That solution is to try EACH node in turn as a starting point, and
calculate the path, so it doesn't matter which one your start with, so
yeah, you could do it randomly.

I wasn't exactly to that solution this morning but realized it a
little bit later on in the day.
The one I used was "First vertex mentioned in the problem description".

Patricia

Your example revealed though that the problem with an approach from a
particular node was that there could be kind of a trap hidden far back
with a steep cost, so the path from THAT node wouldn't be so great
using my algorithm.

But what about starting at another node?

So I made the leap to just starting at each node in turn, using my
algorithm to get a full path, and then comparing between to pick the
best one, which would solve your simple example, but would it work on
a bigger one?

I think it would, as I'm conjecturing now that you cannot setup a case
where from EACH node the algorithm will fail to give the optimal path,
where for a graph where the costs match perfectly with distance it
would give the optimal path from every node and I've designated such a
graph, a perfect one.

So now I'm moving to inventing terminology.

I call a graph where costs match well with distance a well correlated
graph, and notice your example is not one, as distances are all units,
so I found a way to get my distance argument back in, with
correlation.

So in my terminology your example is a dis-correlated graph, where the
ratio of starting points that give the optimal solution to points that
do not gives the degree of correlation.


James Harris
 
P

Patricia Shanahan

JSH wrote:
....
AT each decision point you picked the shortest so the final full path
is the shortest one.
....

This is the key difference between the NP-complete problems and problems
with known polynomial time algorithms.

There are a lot of problems that do have the property that the globally
optimal solution must be a composition of a series of locally optimal
solutions.
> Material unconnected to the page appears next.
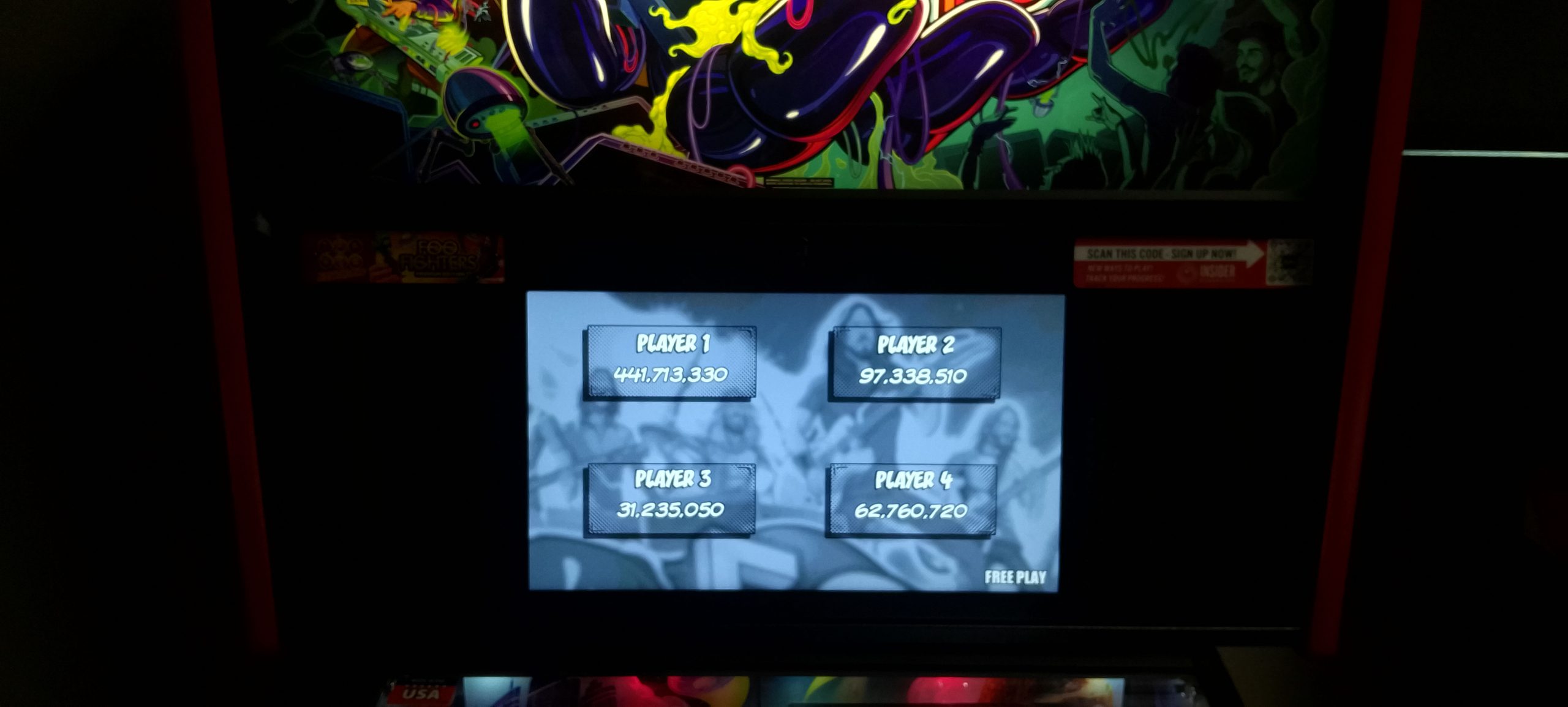 The second game of this round would be Foo Fighters. I had a decent first ball (playing fourth). Unfortunately, Jack just ran away with the game early on, posting an impressive 441M+. I would wind up taking third behind Ken.

For example, if the shortest path from X to Y includes node
A, the path from X to A must be one of the shortest X to A paths.
Polynomial time algorithms for shortest path calculation can use that
fact to prune the search.

Similarly, any subset of elements in a sorted list appear in sorted
order. Sort algorithms such as quick sort and merge sort use that fact.

In my favorite TSP example, an optimal solution must go between A and B
via C, even though that route is far more expensive than the AB edge,
and uses the most expensive edge connected to each of A and B. It has
to be done because it is the least bad way of visiting C.
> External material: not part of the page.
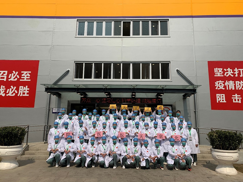 “威武大天坛,我们一定赢!加油!”在小汤山医院,来自北京天坛医院的54名医疗队员整齐地喊出口号。“我们来到小汤山医院工作已经两周,大家一切都好。为了完成任务,每位医疗队员都付出了很多。”医疗队队长刘晓楠说,趁着难得的休整时间,医疗队组织队员们短时间地集体拍照。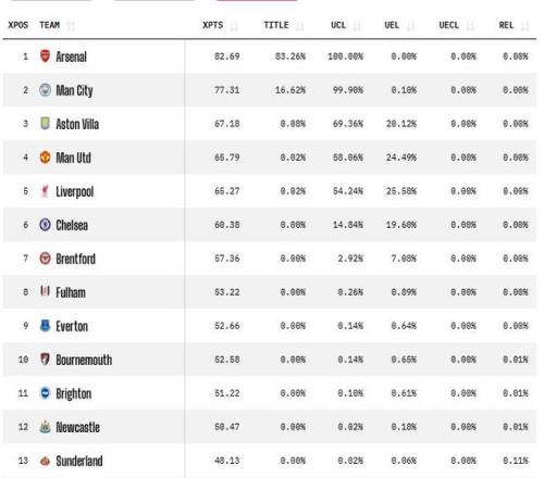 随着英超第28轮比赛的结束,英超积分榜也发生了一定的变化,其中最受关注的自然还是曼城和阿森纳之间的冠军之争。本轮比赛阿森纳是力克切尔西拿到了比赛的胜利,曼城虽然也取胜但仍然在积分榜上落后阿森纳5分。数据分析机构在本轮比赛全部结束后更新了英超的夺冠概率,中阿森纳83.26%领跑,曼城16.62%,维拉0.08%,曼联和利物浦0.02%,这也是有可能夺冠的全部球队。

A globally optimal TSP solution often requires choices that are not
locally optimal.
Lots of problems with the specifics of that thought experiment as it's
very well behaved, but maybe it can give an idea of why using two
travelers--one going forward in time while the other goes backwards in
time--is so key of an idea!

Many NP-complete problems, including TSP, have easy, well behaved cases
that can be solved in polynomial time using locally optimal decisions. I
don't think you should spend much time on those cases when designing a
general algorithm. In general, an algorithm design that is not based on
thinking about difficult cases of the problem it is supposed to solve
probably won't work for them.

The problem I have with understanding the utility of the two travelers
is seeing how they influence each other in anything other than tiny
problems. If you have e.g. 10,000 nodes, for the first 50 iterations
each traveler bars less than 1% of the choices the other traveler could
have made if you ran only one traveler. They may have already made at
least one globally suboptimal choice long before the time the number of
unvisited nodes is small enough that each traveler significantly
constrains the other.

At a more basic level, you seem to be running a simple greedy algorithm
for each traveler, and I don't see anything to backtrack, look ahead, or
otherwise ensure that locally suboptimal choices win if they are needed
for the globally optimal solution.

Patricia
 
J

Joshua Cranmer

That solution is to try EACH node in turn as a starting point, and
calculate the path, so it doesn't matter which one your start with, so
yeah, you could do it randomly.

That doesn't quite solve the problem: if going to node A and node B have
the same cost, what criteria should I use to choose between them?
Patricia would probably be satisfied with an answer like "the latter you
looked at" instead of saying "choose randomly".
But what about starting at another node?

That doesn't work either. Make a larger graph containing two of these
"traps" and you'll note that you can't start from both of them at the
same time. I haven't tested it myself, but your solution gets around the
problem by (essentially) stating "start in the central node of the
subgraph", which can't work if there are two subgraphs like that.
I call a graph where costs match well with distance a well correlated
graph, and notice your example is not one, as distances are all units,
so I found a way to get my distance argument back in, with
correlation.

Define "match well with distance," please.
So in my terminology your example is a dis-correlated graph, where the
ratio of starting points that give the optimal solution to points that
do not gives the degree of correlation.

In this example, the number, I suppose is 1/4. I'm pretty sure a graph
matching my description comes out to be 0 under this scheme.
 
J

Joshua Cranmer

Patricia said:
At a more basic level, you seem to be running a simple greedy algorithm
for each traveler, and I don't see anything to backtrack, look ahead, or
otherwise ensure that locally suboptimal choices win if they are needed
for the globally optimal solution.

I wish to expound on this idea:

NP-hard problems are such because of the fact that one needs to look at
the entire problem to be able to infer which next step is best. To date,
the best correct algorithms more or less rely on "try all, but we know
these paths won't work."

To find a P algorithm, one would have to condense the entire global
solution space--in polynomial time--into some higher-order information
that one can then use to pick the next node in Ω(N) of time (I'm tempted
to say θ(N), but it could very well be true that the act of generating
the information produces output in such a way that the next step is θ(1)).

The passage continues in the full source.